New state law allows bad-faith suits
San Francisco Chronicle
In a move praised by consumer advocates, Gov. Gray Davis signed legislation yesterday that restores the right of people injured in accidents to sue insurance companies.
The legislation, sponsored by the trial lawyers, applies to all liability insurance, including auto and home. For example, it would allow people injured or harmed in a car accident to sue the other driver’s insurer for bad faith if they believe the company has unfairly and fraudulently denied their legitimate claims.
The legislation restores a right to sue that was eliminated in 1988 when the state Supreme Court prohibited third-party lawsuits for so-called bad-faith decisions.
Although Davis insisted on compromise language to moderate the legislation, insurers say it will force premiums to rise by as much as 15 percent.
Consumer groups hailed the legislation as historic.
“This will finally end more than 10 years of insurance companies grinding down payments made to victims,” said Doug Heller, a spokesman for the Foundation for Taxpayer and Consumer Rights.
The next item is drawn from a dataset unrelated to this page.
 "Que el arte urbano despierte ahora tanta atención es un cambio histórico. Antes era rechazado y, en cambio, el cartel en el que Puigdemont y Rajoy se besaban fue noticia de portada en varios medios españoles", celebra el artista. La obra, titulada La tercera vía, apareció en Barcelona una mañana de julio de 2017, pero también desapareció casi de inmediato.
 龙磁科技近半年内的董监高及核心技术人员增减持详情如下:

Heller called it a “historic change” in the way insurance companies must deal with accident victims.
Supporters said that without the potential for consumer lawsuits, insurance companies have no incentive to settle a claim in a timely manner. They cite examples of companies taking as many as four years to settle a claim stemming from an accident. In other cases, elderly or seriously injured people have died before receiving closure of their cases.
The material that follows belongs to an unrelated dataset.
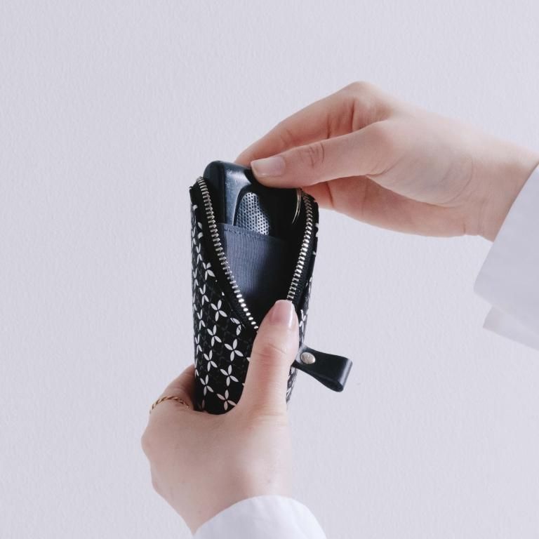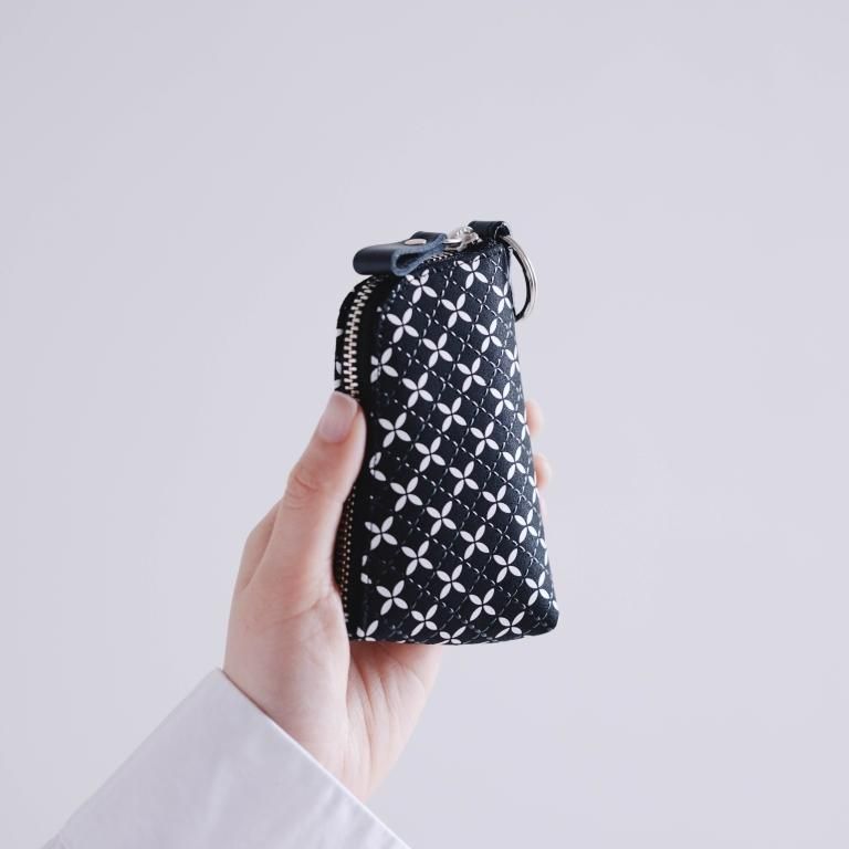 手のひらにすっぽりと馴染む絶妙な形のキーケースは、車の電子キーも丁度良く収まるサイズです。

“We didn’t get everything we wanted, but the bill provides essential protection for consumers against insurance company misconduct,” said Sen. Marta Escutia, D-Huntington Park. “Where insurers are dragging their feet and refusing to pay on justified claims this is the only way we have to stop them from taking advantage of innocent victims.”
But a study by Californians for Affordable Insurance Rates, a broad coalition of business and other groups opposing the legislation, said restoration of bad-faith lawsuits could boost auto insurance premiums by $1.3 billion, or an average of nearly
15 percent, for policyholders.
John Sullivan, president of the insurance-industry-backed Civil Justice Association of California, said the industry is seriously considering trying to repeal the law through a ballot initiative.
“We think this poses enough danger in costs to the general public and businesses that buy insurance that it might be worth the effort,” he said. The group would have to gather about 800,000 signatures to put the law on the March ballot.
BOON FOR PERSONAL INJURY LAWYERS
The return of these lawsuits will benefit only personal injury lawyers, said Barry Carmody, president of the Association of California Insurance Companies.
“Everyone — consumers and businesses throughout the state — will feel the financial pain of increased litigation flooding our already overworked court system,” he said.
Sullivan said rates would have to rise because insurance companies would be forced to settle rather than investigate claims. He also said 99 percent of the cases fall under the $1 million threshold, making it an ineffective limitation.
The new law reinstates a narrow version of what is known as the Royal Globe doctrine. Royal Globe dates back to 1979 when the state Supreme Court ruled that a person could file a bad faith lawsuit against another person’s insurance company over justified claims that were delayed or denied.
DECISION OVERTURNED IN 1989
But in 1989 the court threw out that decision citing “undesirable social and economic effects” in the form of high insurance rates and crowded courts. The legislation Davis signed yesterday comes after years of battles between the trial lawyers and business groups.
SB1237 by Escutia, D-Huntington Park, sat idle for almost two months after Davis threatened to veto the legislation he thought was too tough on business.
Lawmakers agreed to modify AB1309 by Assemblyman Jack Scott, D-Altadena, to impose restrictions on the measure, including a six-year sunset date and a limit on action to those in which the net judgment does not exceed $1 million.
In addition to limiting the lawsuits to judgments of less than $1 million, Davis’ modifications exclude business and class action suits, require a study of the impact of the bill and increase the possible fines on insurance companies from $5,000 to a minimum of $50,000.